NB: Be aware the flights to and from here are often delayed due to poor weather conditions. My plane from Fakarava back to Tahiti got delayed 5 hours because of bad weather.
By boat: The Cargo Saint Xavier Maris Stella IV runs between Tuamotus and Tahiti 2 times a month. Locals said it was possible to join as a passenger, but I wasn’t able to get a schedule.
There’s no ferry to the neighboring atolls, but Fakarava is a popular destination for private sailboats, so it should be possible to hitchhike with one.
Getting Around Fakarava
The only way to get around the atoll is by foot or bicycle. There’s a 10km flat paved road that runs from the Fakarava airport and 10km south.
The rest of the atoll is dirt roads. The only reason you want to leave the paved road is when heading to the K9 beach and the northern part of the island, and if you’re going to explore the remote places on the southern part of the atoll.
There’s no taxi or bus on the atoll.
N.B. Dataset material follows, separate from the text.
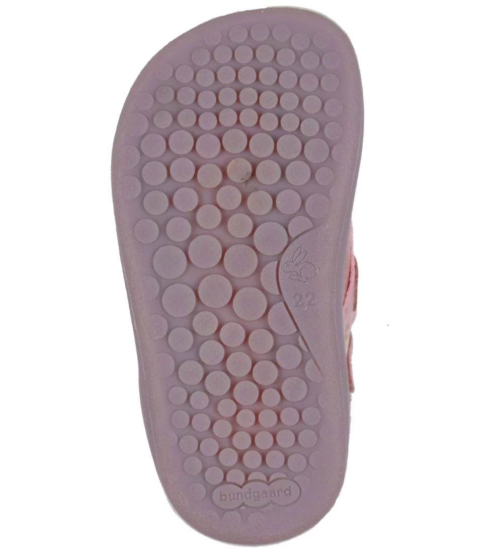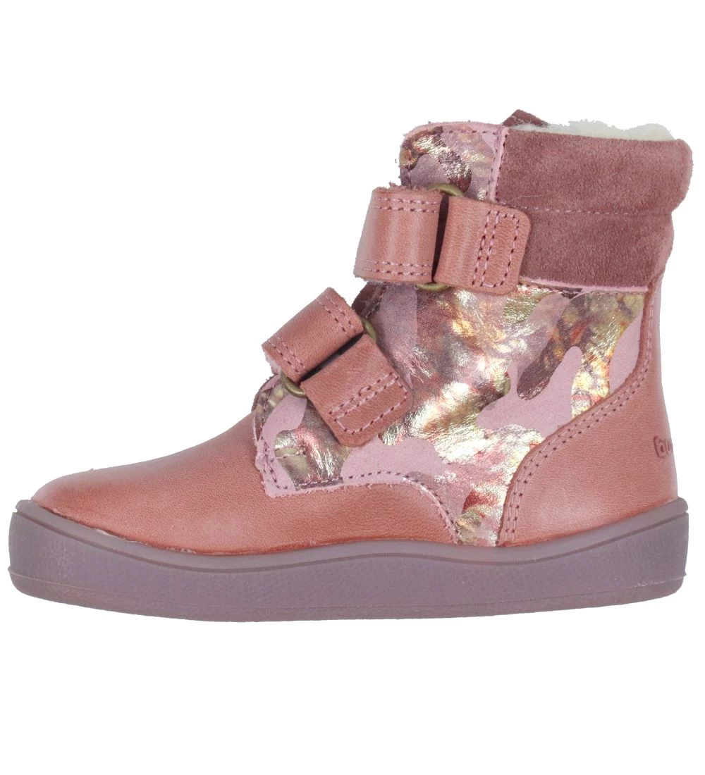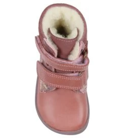 Lækre Bundgaard vinterstøvler i rosa læder og ruskind med en lille kanin og “bundgaard” præget ind på ydersiden af hælen. Skoene har fine detaljer af et flot mønster i skinnende guld og brunlige nuancer.

But don’t worry, Fakarava is almost entirely flat, and you won’t meet more than five cars a day when you’re biking around.
If you want to visit the southern part of Fakarava, a boat is the only option.
What to Pack for Fakarava Island
You will need to pack absolutely everything that you will need for your stay at Fakarava with you. There’s literally nothing to buy here.
- Snorkeling gear
- Books so you have something to when you are not scuba diving
- Suncream, but be advised you are recommended not to use suncream when going diving
- Extra memory card for your camera – you can’t get a new one here
- A hammock to put up on the deserted beaches
- A flashlight for walking around the streets at night and go shark watching from shore
Safety on Fakarava
Fakarava is an extremely safe destination. The locals are among the friendliest and most welcoming in the world, but there’s a lot of street dogs here, and they love to follow you when biking around in the late evening.
Be aware that the current here can be extremely strong, especially at the northern tip of the atoll. There’s no hospital on the island, so if you do get unlucky, you will have to get flown back to Tahiti.
Dive insurance is highly recommended if you decide to go scuba diving. By law, you are forbidden to dive deeper than 27 meters in French Polynesia.
Reef Sharks are normally harmless, but they can become dangerous in the presence of food, and they tend to be more aggressive if encountered in open water rather than on the reef. It’s not unheard of for reef sharks to bite people that are wading through shallow water.
Ready for Paradise?
Armed with this guide, your experience on this little atoll is sure to spark warm remembrances for years to come. Lazing your days away on the warm sand or softly swaying hammocks is an ideal way to unwind.
Mix that with a little scuba diving, snorkeling, reading and beer drinking, and you have a perfect vacation on your hands.